The third change is harder to capture in a single statistic. It is a shift toward shorter-cycle, more diversified plantings. The Lankfords used to plant their tomatoes in three successions per season. They now plant in seven. Each succession is smaller, and the planting windows are tighter. The total volume of tomatoes harvested is similar to what it was a decade ago, but the risk of losing a single planting to a storm event is spread across many more small bets.

The Mountain West pattern is different

Out west, the same general pattern of increased variance is playing out differently. In the Mountain West, the dominant water source for most small farms is snowmelt, and the issue is less about storm intensity than about timing. Snowpack has been arriving later and melting faster. The peak runoff window has shifted by roughly two to three weeks earlier in the season in much of Colorado, Idaho, and northern Utah.

For irrigated small farms, this has meant rebuilding water-use plans around a compressed delivery window. A farm in the Gallatin Valley of Montana that historically had reliable irrigation water through mid-September now sees its allocation effectively end in early August. The standard response has been to plant earlier and to invest in storage – ponds, cisterns, sometimes lined tanks – that capture water during the high-flow weeks for use later.

Storage construction has its own difficulties. Permitting can be lengthy, and Western water law makes the legal status of stored water complicated. But the actual engineering is generally not the hard part. A 200,000-gallon farm pond, properly sized for a five-acre vegetable operation, can be excavated in a few days. The bottleneck is paperwork, not earthmoving.

The information layer

One change that often goes unnoticed in discussions of farm adaptation is the steady improvement in localized weather data. Most small farms in the United States now have access to forecast information at a granularity that simply did not exist twenty years ago. Hourly precipitation forecasts at the half-mile scale, soil moisture sensor networks, and integrated farm-management software have all become commonplace.

This information layer makes the rest of the adaptations work. Knowing that a major rain event is likely within 36 hours allows a farmer to hold off on harvesting, get a cover seeded, or move trays of starts under cover. The Lankfords run a small home-built monitoring system that reads off three soil moisture probes and pulls forecast data from the National Weather Service every fifteen minutes. The whole rig cost them about $400 and was put together by their son over a winter. It has changed how they sequence work during shoulder seasons.

What the next decade probably brings

Climate projections for the Mid-Atlantic and Mountain West are reasonably stable about one thing: variance will continue to increase. Total rainfall might shift slightly in either direction depending on the model, but the distribution of that rainfall is converging on a single picture – longer dry spells, more intense storms, more compressed snowmelt windows.

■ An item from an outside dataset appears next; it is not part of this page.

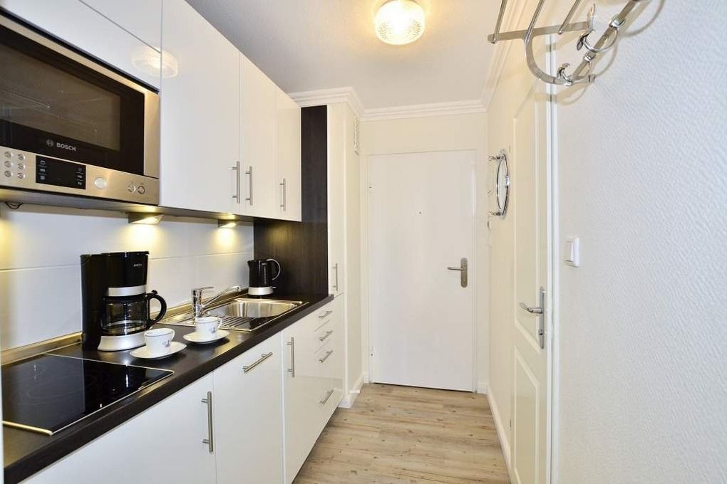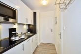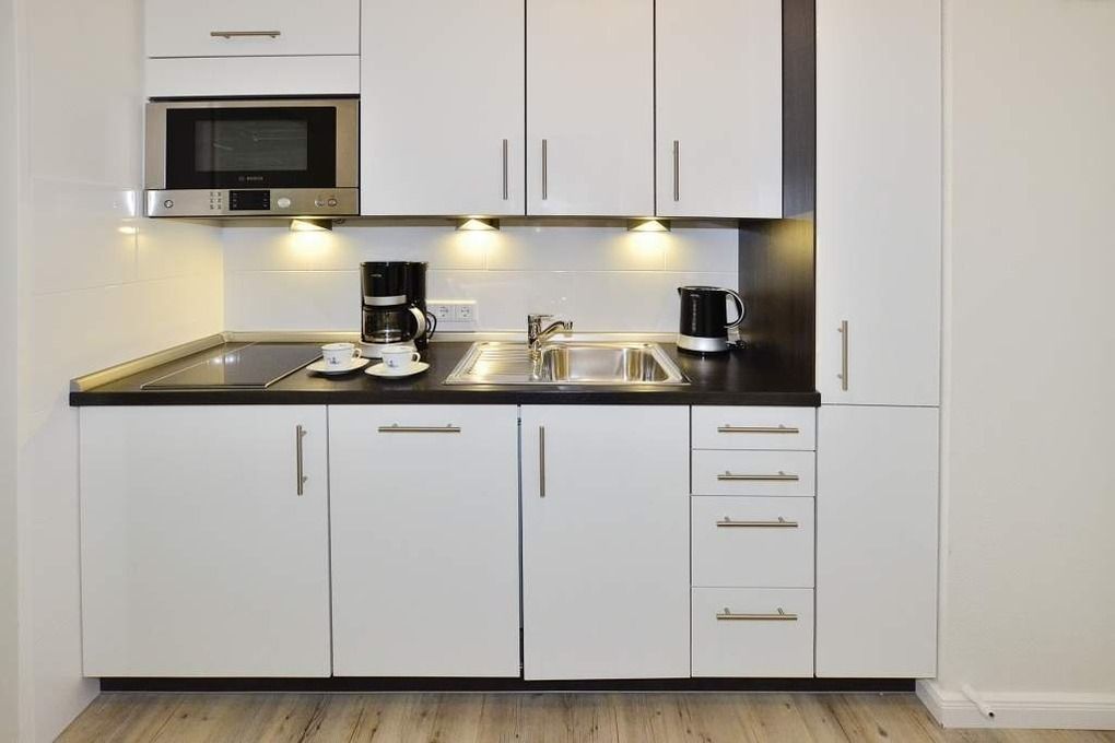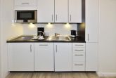Die neue Küchenzeile hat ein Ceranfeld mit 2 Kochfeldern, eine Mikrowelle, einen Geschirrspüler und einen Kühlschrank mit 3*-Gefrierfach. Kaffeemaschine, Wasserkocher und Toaster gehören zur Grundausstattung.

Small farms that have invested in the kinds of changes the Lankfords have made are likely to be more resilient through the next phase. The farms that have not adapted are likely to feel pressure. The economic margin in small-scale vegetable production has always been thin, and a single bad season under the new pattern can be enough to close a farm that would have weathered the old climate without much trouble.

The encouraging part of the story is that the adaptations are not exotic. They do not require breakthrough technology. They require capital, time, and a willingness to break with the calendar handed down from a generation that farmed in a different climate. Most of the farmers doing this work are not making heroic statements. They are doing what their grandparents would have done: paying attention to the land, talking to neighbors, and adjusting until the work makes sense again.